En la entrada del balneario había una parota misántropa cuya sombra cubría las ruinas de adobe de lo que fue el casco de una hacienda productora de alcohol y piloncillo. Tras el fracaso del Plan de la Noria aquí estuvo escondido —aseguran ciertas ánimas— Porfirio Díaz en 1872. Pero luego, remontando esos escombros históricos, como si cruzáramos la línea del Trópico de Cáncer, abierto un portón de mezquite nos encontrábamos frente al verdor sinfónico de una nogalera de varias hectáreas; los follajes de sus árboles se tocaban unos a otros, situación ideal para encaminarse hasta el bosque del cerro de Tequila —viaje de quince kilómetros sin tocar el suelo—, siguiendo el ejemplo de las escaramuzas sexuales de las ardillas, esas sobrinas políticas del barón Cosimo Piovasco.

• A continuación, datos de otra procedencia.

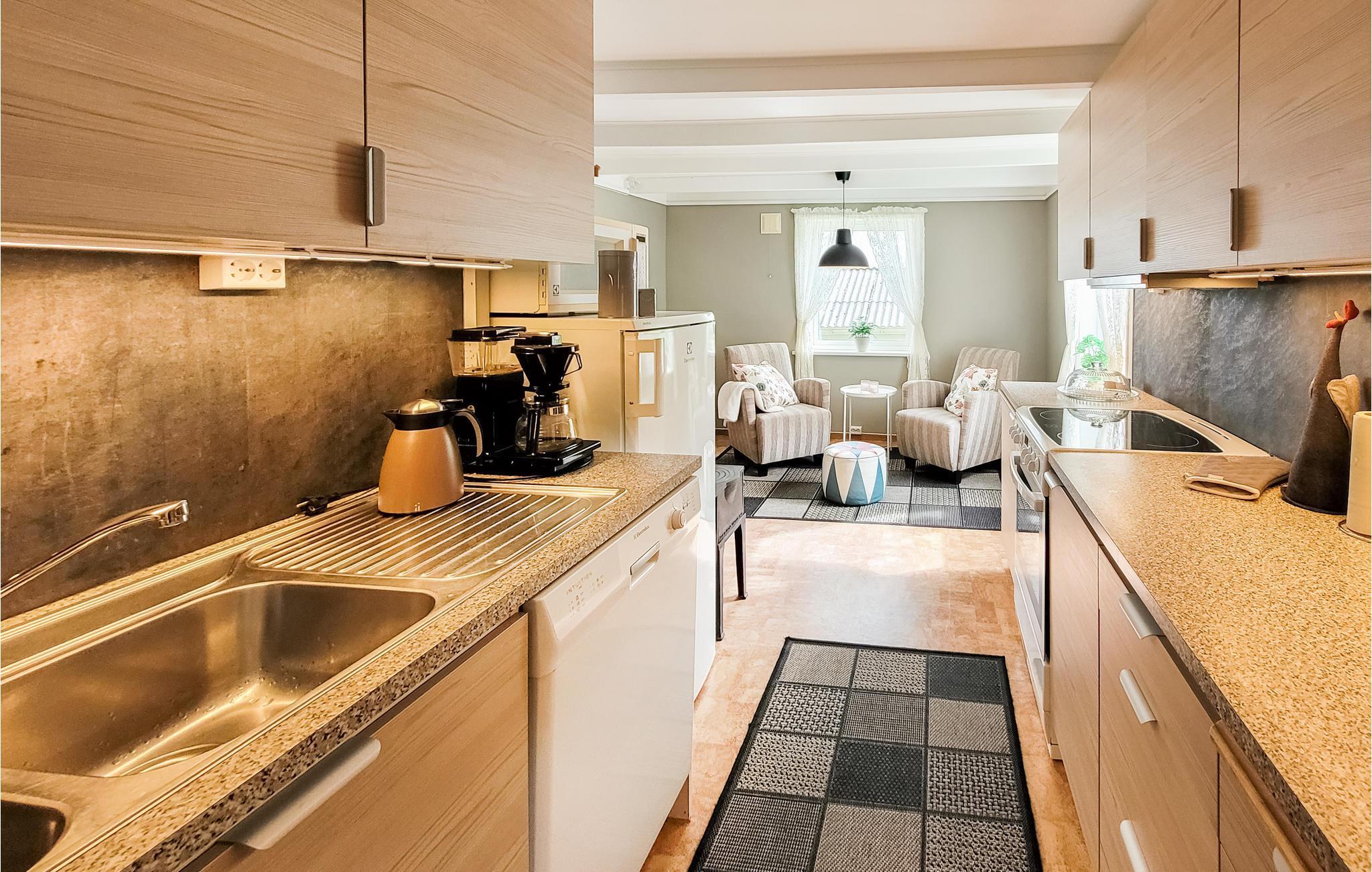 Im westlichen Teil der Halbinsel Sveio wartet dieses Ferienhaus auf Ihren Besuch. Machen Sie es sich gemeinsam mit Ihren Liebsten bequem und freuen Sie sich auf gemütliche Abende. Wenn Sie am Tisch essen, können Sie Ihren Blick über den Fjord schweifen lassen. Gehen Sie morgens auf Ihre Terrasse und atmen Sie die frische Morgenluft ein. Hier können Sie Ihre Mahlzeiten einnehmen und die Sonne ausgiebig genießen. Machen Sie den kurzen Spaziergang hinunter zum Fjord mit guten Bade- und Angelmöglichkeiten oder erkunden Sie die Umgebung zu Fuß.
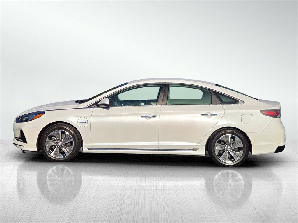 Hyper White 2019 Hyundai Sonata Plug-In Hybrid Limited FWD 6-Speed Automatic I4 112 POINT INSPECTION, NAVIGATION, I4, 4-Wheel Disc Brakes, 9 Speakers, ABS brakes, Air Conditioning, Alloy wheels, AM/FM radio: SiriusXM, Apple CarPlay & Android Auto, Auto High-beam Headlights, Auto-dimming Rear-View mirror, Automatic temperature control, Brake assist, Compass, Delay-off headlights, Dual front impact airbags, Dual front side impact airbags, Electronic Stability Control, Emergency communication system: Blue Link, Exterior Parking Camera Rear, Four wheel independent suspension, Front anti-roll bar, Front Bucket Seats, Front Center Armrest, Front dual zone A/C, Fully automatic headlights, Garage door transmitter: HomeLink, Heated & Ventilated Front Bucket Seats, Heated door mirrors, Heated front seats, Heated steering wheel, Integrated Memory System (IMS), Knee airbag, Leather Seating Surfaces, Leather Shift Knob, Low tire pressure warning, Memory seat, Navigation System, Occupant sensing airbag, Option Group 01, Outside temperature display, Overhead airbag, Panic alarm, Power door mirrors, Power driver seat, Power passenger seat, Power steering, Power windows, Radio data system, Radio: AM/FM/SiriusXM/MP3 Infinity Audio System, Rear anti-roll bar, Rear Parking Sensors, Rear window defroster, Remote keyless entry, Security system, Speed control, Speed-sensing steering, Speed-Sensitive Wipers, Steering wheel mounted audio controls, Telescoping steering wheel, Tilt steering wheel, Traction control, Trip computer, Turn signal indicator mirrors, Variably intermittent wipers, Ventilated front seats, Wheels: 17" x 7.0J Eco-Spoke Alloy.
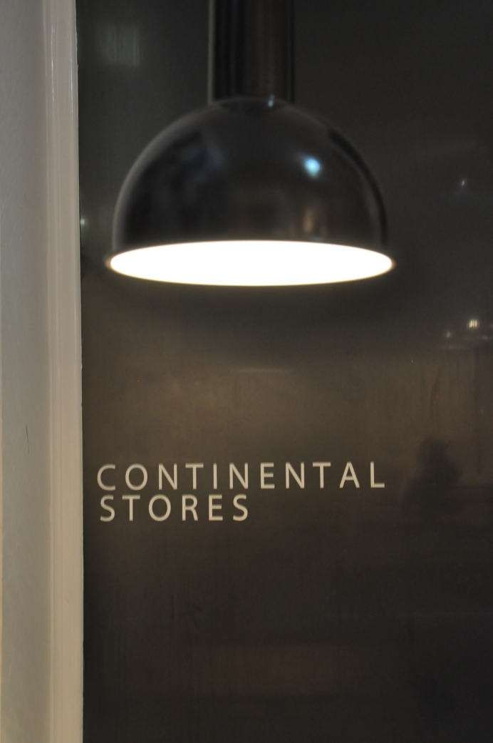 Thumbnail – Continental Stores (DSC_1231) Published February 24, 2014 at 692 × 1042 in Continental Stores One of the Continental Stores black light fittings hanging above the name written in white on a darkened window.
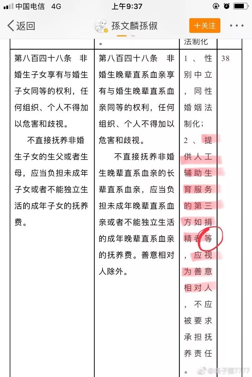 再回到孙文麟的建议,这条建议,我认为他完全是出于考虑到同性伴侣生育时需要有捐精者、捐卵者提供精子和卵子,而按照原法条,这些人会被认为是非婚生子女的生父和生母,从而被要求承担抚养责任,这样对捐精者和捐卵者都是不公平的。修改之后,只是免除了这些人的抚养责任,和ta们捐精者、捐卵者的身份相适应。
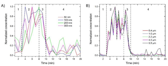Normalized concentration for different particle sizes from (A) SMPS and (B) LPC inside the protective box during the simulation of the intubation procedure. Numbers 1 to 4 represent different phases of the intubation procedure.
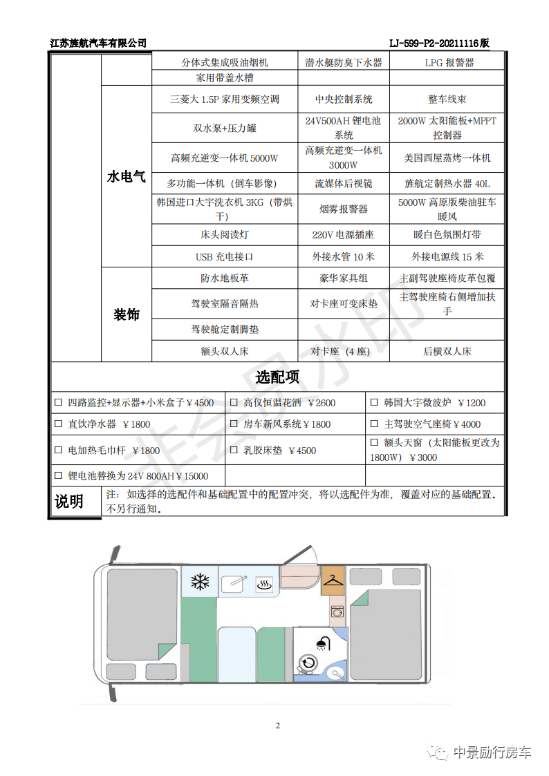 【电器配置】24V500ah磷酸铁锂电池12度电,高频充逆变一体机3000W逆变器,2000W太阳能板+MPPT控制器,英德尔224L冰箱,塞德福德C200马桶,顶三菱大1.5P家用变频空调,流媒体后视镜,双水泵+压力罐,车内外氛围灯,新西兰富声功放+JBL喇叭*4,韩国大宇微波炉,思路监控+小米盒子+显示器,电加热毛巾杆,新风系统,韩国大宇洗衣机带烘干3KG,5000W高原版柴油驻车暖风,美国西屋蒸烤一体机,分体式集成吸油烟机
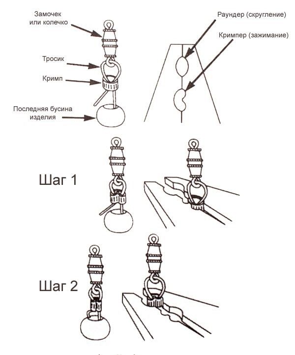 6 способов как приделать замочек к бусам на тросике
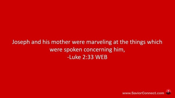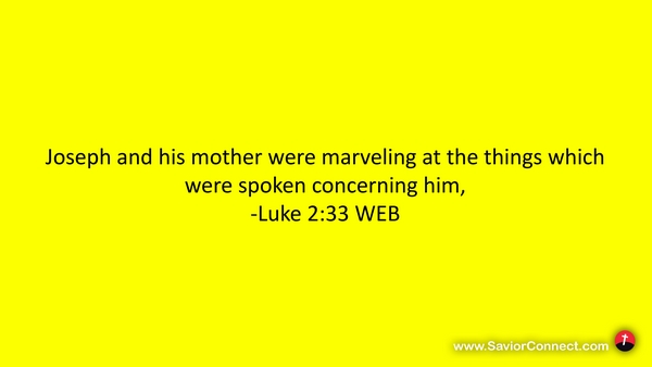 Joseph and his mother were marveling at the things which were spoken concerning him, -Luke 2:33 WEB
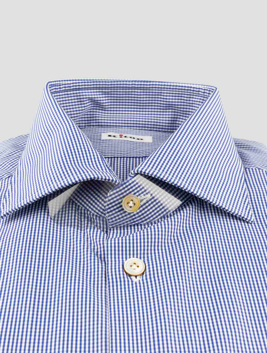 Kiton Blue Cotton Dress Shirt - Handmade Italian Regular Fit
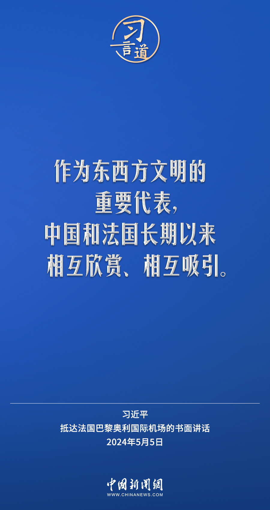 當(dāng)?shù)貢r(shí)間5月5日下午,國家主席習(xí)近平抵達(dá)巴黎,開始對法國進(jìn)行國事訪問。在抵達(dá)法國巴黎奧利國際機(jī)場的書面講話中,習(xí)近平指出——
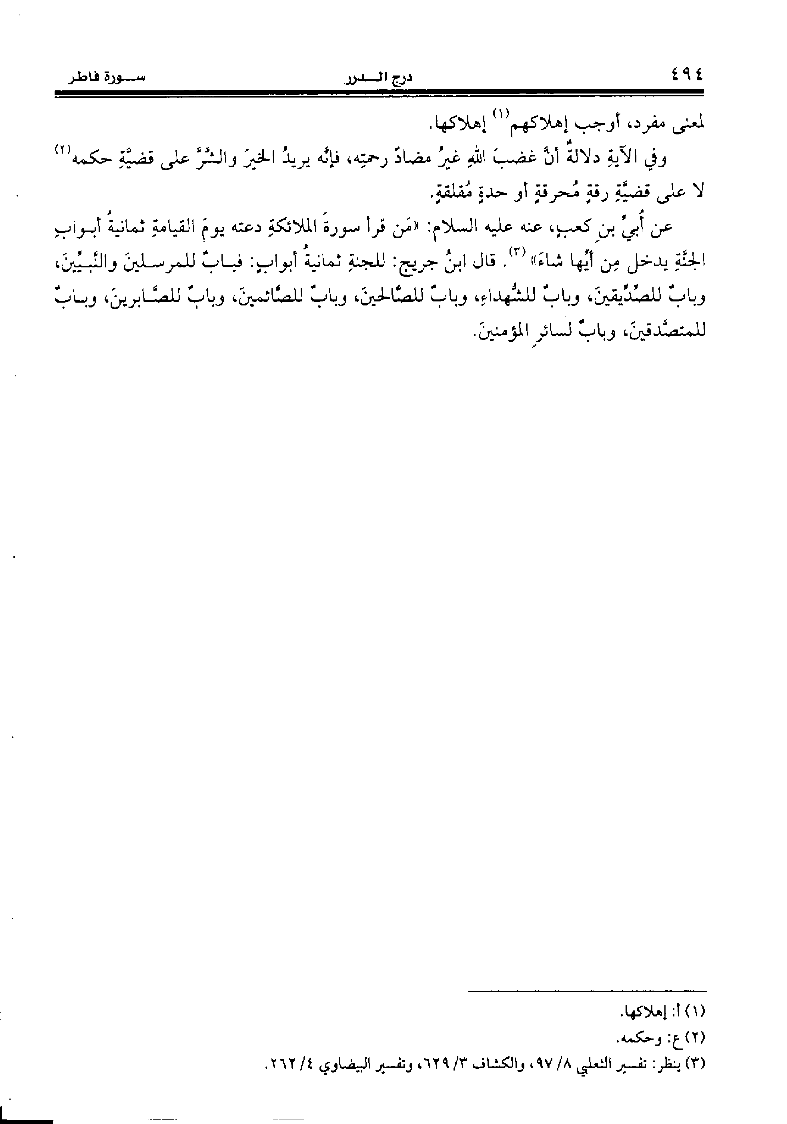 عن أبيّ بن كعب، عنه عليه السّلام: «من قرأ سورة الملائكة دعته يوم القيامة ثمانية أبواب الجنّة يدخل من أيّها شاء» (¬3). قال ابن جريج: للجنة ثمانية أبواب: فباب للمرسلين والنّبيّين، وباب للصّدّيقين، وباب للشّهداء، وباب للصّالحين، وباب للصّائمين، وباب للصّابرين، وباب للمتصّدقين، وباب لسائر المؤمنين.

Una tarde con diablos borrachos, los empleados osaron abrir el portón a las muchachas del Flamingos Night Club
Alimentadas por un pozo artesiano conectado tal vez a un glaciar, había dos albercas frías como los labios azules de la Parca: la chica, dedicada a los niños de salvavidas y a los que no sabíamos nadar ni siquiera “de perrito” y la grande, auténtica fosa abisal donde nadadores y clavadistas expertos se disputaban en cada lance el cuadro de medallas de Moscú 1980.
Estaba además un corredor de lavaderos montado sobre un canal de agua —a modo de una pileta cambiante y única— donde la jícara de las lavanderas se hundía una y otra vez sin lograr agotarlo. Yo, curioso irredento, con el pretexto de recolectar nueces caídas entre los hierbajos, me asomaba a sus conversaciones de espuma. Con las notas del agua corriente, algunas cantaban boleros de Los Tres Ases o rancheras de Lucha Villa mientras tallaban, enjuagaban y exprimían culpas, arrepentimientos, ilusiones, venganzas, hastíos, llantos, nostalgias, cobardías…
Una tarde de verano con diablos borrachos y pendencieros, los empleados de La Primavera osaron abrir el portón de mezquite a las muchachas del Flamingos Night Club. Mientras se reponían del soponcio y la vergüenza, un grupo de señoras y señores, representantes espontáneos de la Liga de la Decencia, comenzaron a insultar a las meretrices que ya flotaban en paños menores con gracia de toninas de ríos amazónicos, de serpientes de agua y de ninfas asediadas por todos nuestros ojos.
Con un bikini a punto de desbordarse de lonjas y celulitis, el dedo gordo del pie probando la temperatura de la alberca, Heidi, una mulatona llegada de tierra caliente, con sólo un gesto desarmó a los detractores iracundos y mojigatos. De un tirón procaz, sus dedos índice y pulgar desataron el nudo del sostén para liberar, como golpe de magia, sus pechos de nodriza —delfines inquietos y papayas rotundas— de los que brotaron chorros de leche que salpicaron a toda la concurrencia.
DOS
EN LOS LAVADEROS de La Primavera, las muchachas del Flamingos Night Club suspenden la colada porque una llovizna de tizne ensucia sus sábanas públicas y sus ropas íntimas tendidas al sol. Sin responsabilizarse de daños colaterales, los cañaverales arden en plena zafra. Como maná o copos de nieve caen, aquí y allá, briznas de ceniza. Con el dorso de las manos quieren desprender las motas carbonizadas y empeoran la situación: la ceniza se expande en el algodón de sus bragas y sostenes como una mancha de vileza y condena. Mientras las de “la vida alegre” lloriquean y maldicen por vivir en esta Sodoma venida a menos, las lavanderas de buena casa sacan espuma nívea a los calzoncillos de bragueta abotonada de sus maridos y de sus hijos, todos ellos machos cumplidores, amorosos y fidelísimos.